Improving the assessment of adverse drug reactions using the Naranjo Algorithm in daily practice: The Japan Adverse Drug Events Study

Hiroki Murayama 1, Mio Sakuma 1, Yuri Takahashi 1, Takeshi Morimoto 1,
PMCID: PMC5817823  PMID: 29417762

Abstract

It is difficult to determine adverse drug reactions (ADRs) in daily complicated clinical practice in which many kinds of drugs are prescribed. We evaluated how well the Naranjo Algorithm (NA) categorized ADRs among suspected ADRs. The Japan Adverse Drug Events (JADE) study was a prospective cohort study of 3459 inpatients. After all suspected ADRs were reported from research assistants, a single physician reviewer independently assigned an NA score to each. After all NA score of suspected ADRs were scored, two physician reviewers discussed and determined ADRs based on the literature. We investigated the sensitivity and specificity of NA and each component to categorize ADRs among suspected ADRs. A total of 1579 suspected ADRs were reported in 962 patients. Physician reviewers determined 997 ADRs. The percentage of ADRs was 94% if the total NA score reached 5. The modified NA consisted of 5 components that showed high classification abilities; its area under the curve (AUC) was 0.92 for categorizing ADRs, the same as the original. When we set the total NA score cut‐off value to 5, specificity was 0.95 and sensitivity was 0.59. When we reclassified NA components as binary variables, the specificity increased to 0.98 with a cut‐off value of 4 and yielded an AUC of 0.93. In conclusion, we showed that both NA and modified NA could categorize ADRs among suspected ADRs with a high likelihood in daily clinical practice.

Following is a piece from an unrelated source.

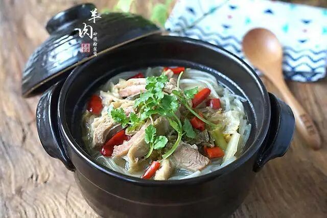羊肉怎么吃更美味又健康?因为羊肉性温,所以炖是最好的养生方式食用方法,炖的时候里面可以加入丰富的蔬菜起到中和降火的作用。 【食材】羊肉400克、粉条50克、酸菜2棵、蒜子6个、香菜2棵、红干椒7个、生姜4片、葱3棵、盐适量 【做法】 1、想准备好所需食材 5、锅内放凉水,将羊肉、生姜片放进去煮20分钟后捞出,刚煮的时候有浮沫要捞出,煮羊肉的高汤不要丢弃7、锅预热,将肥羊肉放进锅内炸出油来后,放入其他羊肉翻炒2分钟11、快出锅的时候放入泡好的粉丝煮3分钟左右,关火,撒上葱、蒜、香菜即可1、羊肉提前煮一下,既可以让肉好切,而且肉质嫩,后面炖菜的时候容易熟 2、用肥肉部分榨油,可以让汤汁更加充满羊肉的香味 3、酸菜尽量炖的时间长一些,味道才最美,可以渗入羊肉的香味 来源:千厨百味、如有侵权请联系删除

Keywords: adverse drug reactions, categorization, daily practice, JADE study, modification, Naranjo Algorithm, patient safety, pharmacovigilance, sensitivity, specificity


Abbreviations

ADRs

adverse drug reactions

AUC

area under the curve

JADE

The Japan Adverse Drug Events

NA

Naranjo Algorithm

ROC

receiver operating characteristic

1. INTRODUCTION

Discriminating adverse drug events (ADRs) from various symptoms in daily practice is important in order for physicians to take action to mitigate the adverseness and prevent recurrence. However, patients are usually treated with many kinds of drugs, which make it difficult to identify an ADR in daily practice. A tool to categorize ADRs among complicated suspected symptoms could be useful for healthcare professionals to take action proactively as well as to confirm the probability of ADRs retrospectively.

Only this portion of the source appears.